● Dataset extract
..........

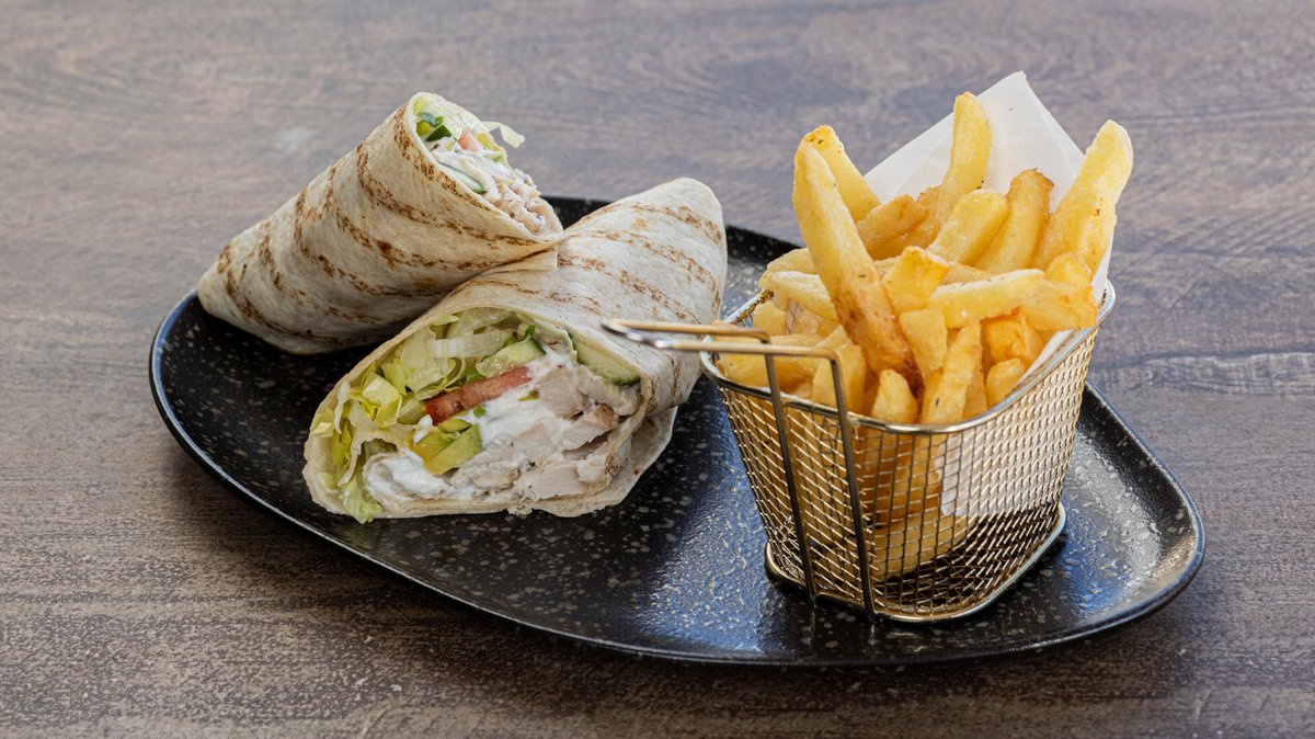 Ρίγες στήθος κοτόπουλου, αβοκάντο, ντομάτα, αγγούρι, iceberg, γιαούρτι και γλυκιά πάπρικα, σερβιρισμένα με συνοδευτική σαλάτα ή φρέσκες πατάτες
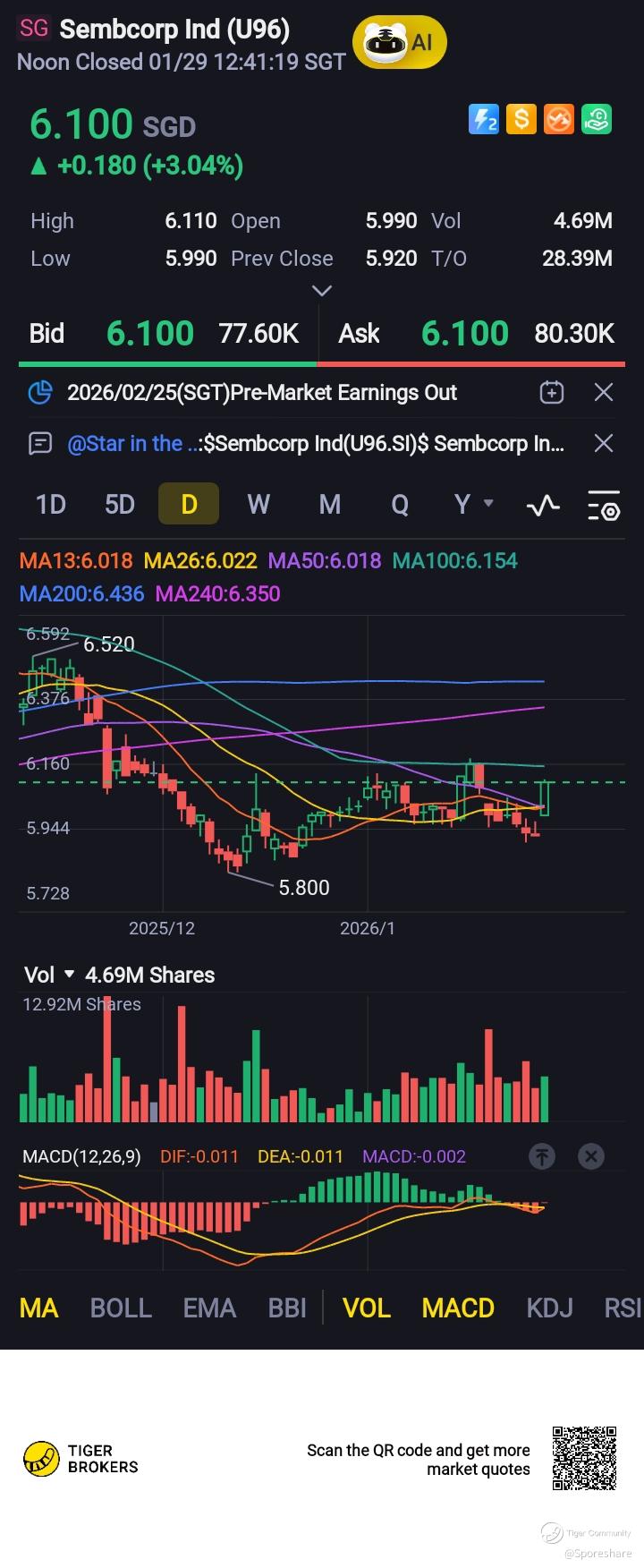 Sembcorp Ind - She is slowing rising up after touching the low of 5.80. Now trading at 6.04 looks rather interesting!
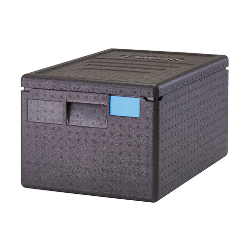 Cam GoBox® Insulated Food Pan Carrier, 48.6 qt., top load, holds (1) GN 1/1 or (2) GN 1/2 sized food pans up to 8" deep, ergonomic handles, maintains safe temperature for hot or cold holding for up to 4 hours, dishwasher safe, drip resistant, stackable, lightweight, impact resistant, eco-friendly, 100% recyclable, EPP (expanded polypropylene foam), black
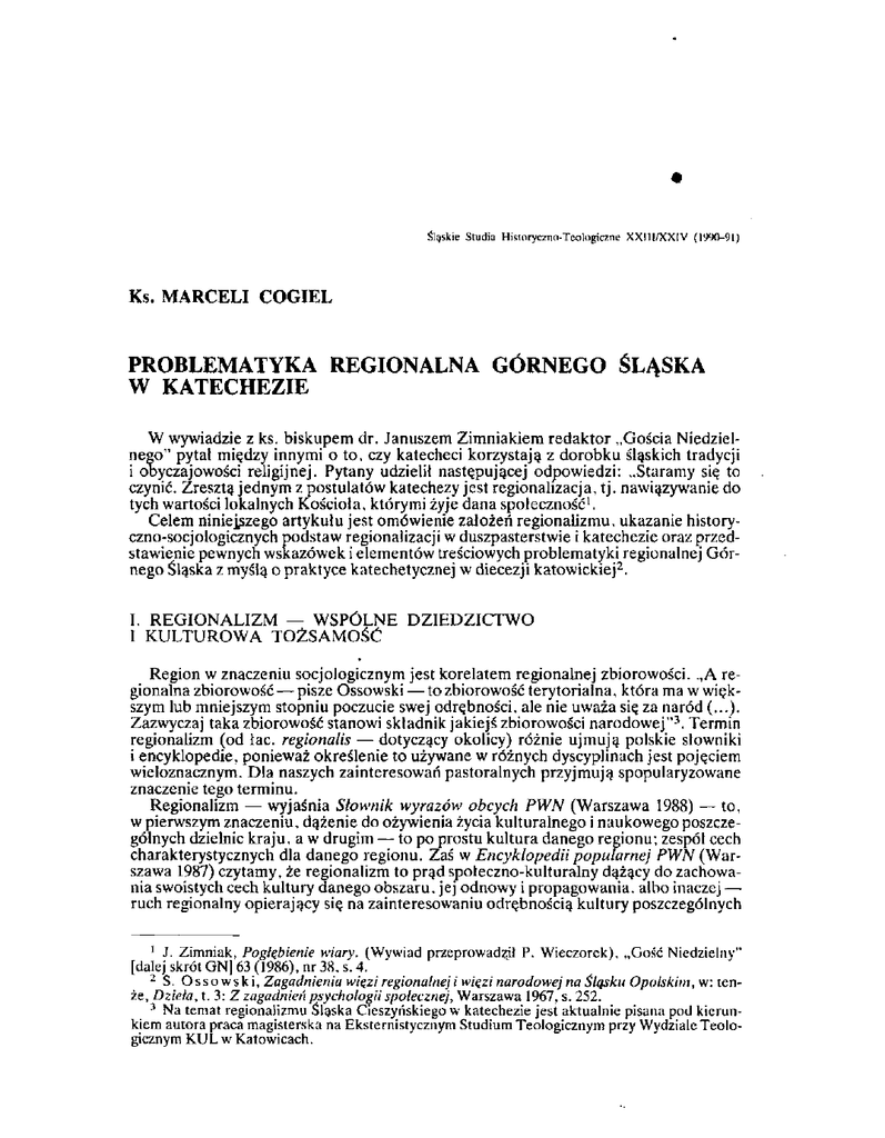Celem niniejszego artykułu jest omówienie założeń regionalizmu, ukazanie historyczno-socjologicznych podstaw regionalizacji w duszpasterstwie i katechezie oraz przedstawienie pewnych wskazówek i elementów treściowych problematyki regionalnej Górnego Śląska z myślą o praktyce katechetycznej w diecezji katowickiej 2 .
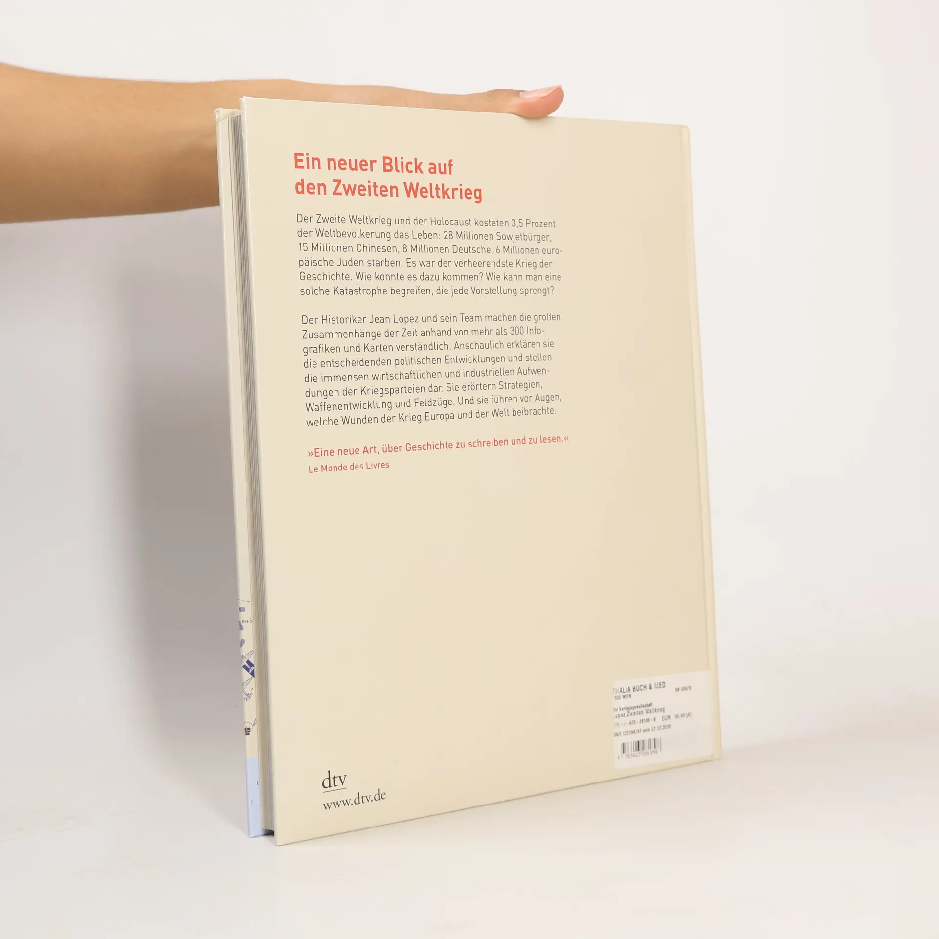 Ein neuer Blick auf den Zweiten Weltkrieg Der Zweite Weltkrieg und der Holocaust kosteten 3,5 Prozent der Weltbevölkerung das Leben: 28 Millionen Sowjetbürger, 15 Millionen Chinesen, 8 Millionen Deutsche, 6 Millionen europäische Juden starben. Es war der verheerendste Krieg der Geschichte. Wie konnte es dazu kommen? Wie kann man eine solche Katastrophe begreifen, die jede Vorstellung sprengt? Der Historiker Jean Lopez und sein Team machen die großen Zusammenhänge der Zeit anhand von mehr als 300 Infografiken und Karten verständlich. Anschaulich erklären sie die entscheidenden politischen Entwicklungen und stellen die immensen wirtschaftlichen und industriellen Aufwendungen der Kriegsparteien dar. Sie erörtern Strategien, Waffenentwicklung und Feldzüge. Und sie führen vor Augen, welche Wunden der Krieg Europa und der Welt beibrachte. - Großformat - Durchgehend vierfarbig gestaltet
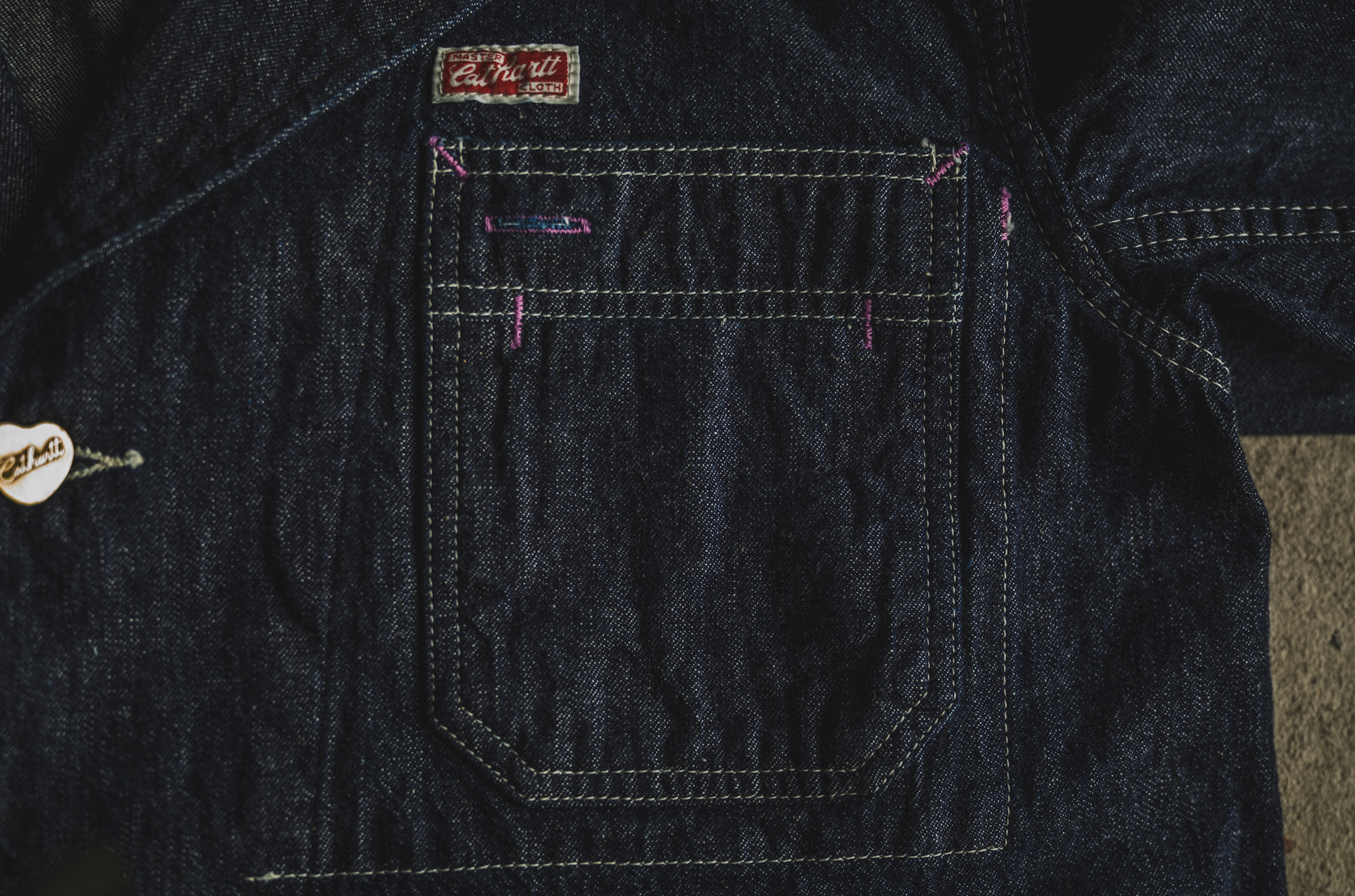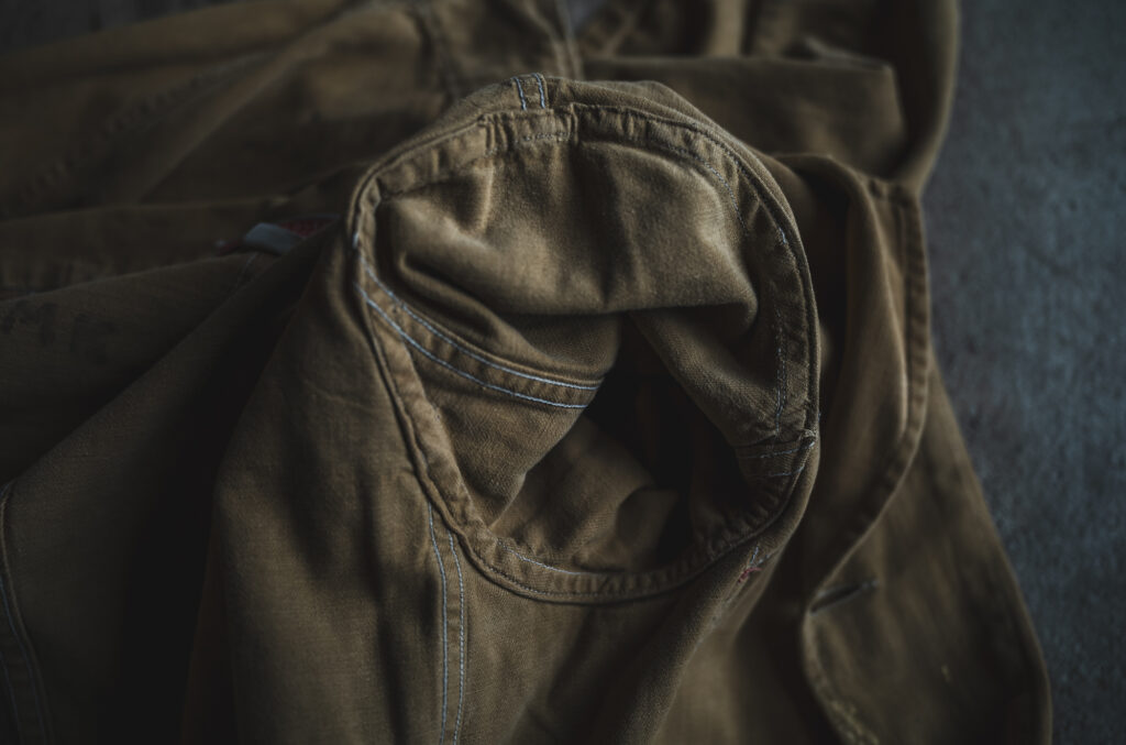 On our reproduction this time, we’ve adopted some more unique vintage designs added to it such as the dual pocket of Uncle Sam, the chainstitch seams on the shoulders like on vintage denim jackets, and the heart-shaped buttons from the 20’s Carhartt.
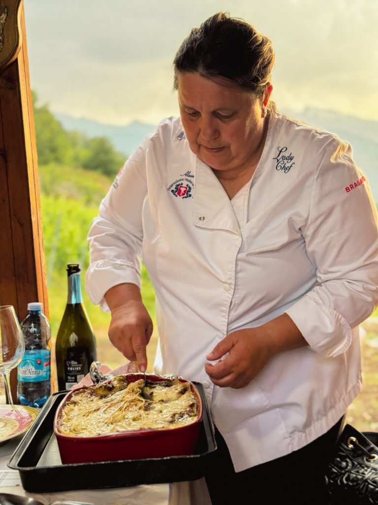 Après un passage rafraîchissant dans le jacuzzi, nous avons rencontré Alessia, une « Cesarine » qui invite chez elle les personnes qui souhaitent découvrir la gastronomie locale. Alessia travaille dans un supermarché à Aoste, organise des cours de cuisine et s’occupe de la vigne également, c’était une très belle rencontre.
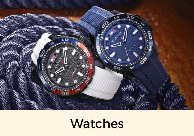Watches from this collection of luxury watches will keep you on time, and you can choose from watches featuring separate dials for days of the week and dates, or choose between modern bracelet styles and elegant leather strap designs. For men's footwear, you can choose from a range of Tommy Hilfiger sneakers, slip ons, boots, flip flops, sandals and lace ups here.
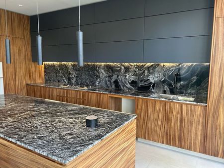 La cocina, totalmente equipada, con cubierta de granito o cuarzo, te invita a crear deliciosas comidas y compartir momentos especiales con tus seres queridos.
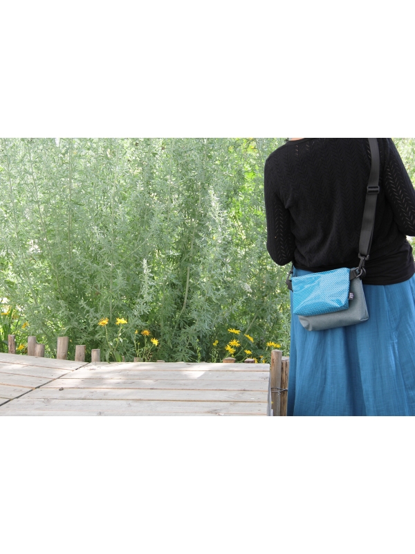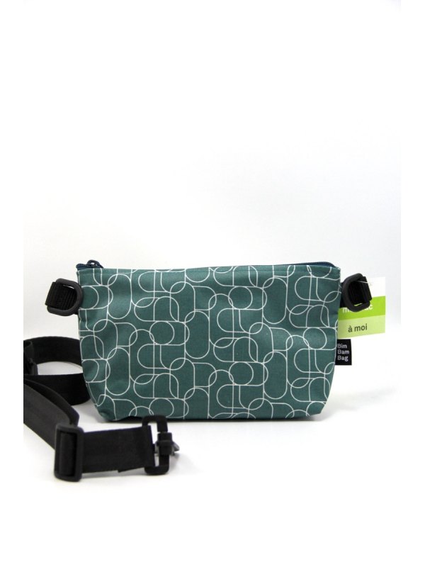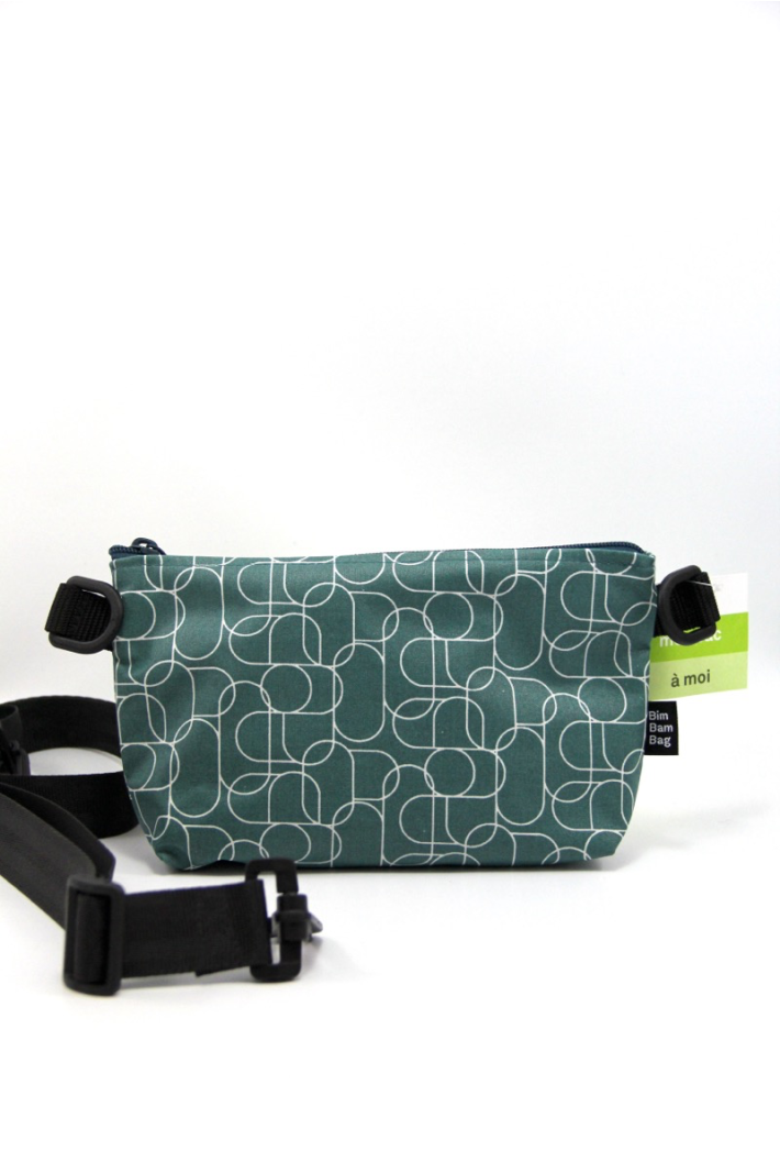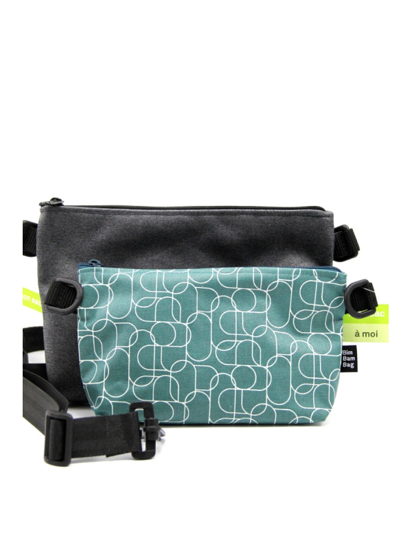 Bandoulière de 3 cm de large réglable sur laquelle s'accrochent les 2 petits sacs.

..........

● Brief
Exactly the lines from the top of the entries through the line with "Ein neuer Blick", inclusive, must be given again, with every picture omitted.

● Answer area
 Ρίγες στήθος κοτόπουλου, αβοκάντο, ντομάτα, αγγούρι, iceberg, γιαούρτι και γλυκιά πάπρικα, σερβιρισμένα με συνοδευτική σαλάτα ή φρέσκες πατάτες
 Sembcorp Ind - She is slowing rising up after touching the low of 5.80. Now trading at 6.04 looks rather interesting!
 Cam GoBox® Insulated Food Pan Carrier, 48.6 qt., top load, holds (1) GN 1/1 or (2) GN 1/2 sized food pans up to 8" deep, ergonomic handles, maintains safe temperature for hot or cold holding for up to 4 hours, dishwasher safe, drip resistant, stackable, lightweight, impact resistant, eco-friendly, 100% recyclable, EPP (expanded polypropylene foam), black
Celem niniejszego artykułu jest omówienie założeń regionalizmu, ukazanie historyczno-socjologicznych podstaw regionalizacji w duszpasterstwie i katechezie oraz przedstawienie pewnych wskazówek i elementów treściowych problematyki regionalnej Górnego Śląska z myślą o praktyce katechetycznej w diecezji katowickiej 2 .
 Ein neuer Blick auf den Zweiten Weltkrieg Der Zweite Weltkrieg und der Holocaust kosteten 3,5 Prozent der Weltbevölkerung das Leben: 28 Millionen Sowjetbürger, 15 Millionen Chinesen, 8 Millionen Deutsche, 6 Millionen europäische Juden starben. Es war der verheerendste Krieg der Geschichte. Wie konnte es dazu kommen? Wie kann man eine solche Katastrophe begreifen, die jede Vorstellung sprengt? Der Historiker Jean Lopez und sein Team machen die großen Zusammenhänge der Zeit anhand von mehr als 300 Infografiken und Karten verständlich. Anschaulich erklären sie die entscheidenden politischen Entwicklungen und stellen die immensen wirtschaftlichen und industriellen Aufwendungen der Kriegsparteien dar. Sie erörtern Strategien, Waffenentwicklung und Feldzüge. Und sie führen vor Augen, welche Wunden der Krieg Europa und der Welt beibrachte. - Großformat - Durchgehend vierfarbig gestaltet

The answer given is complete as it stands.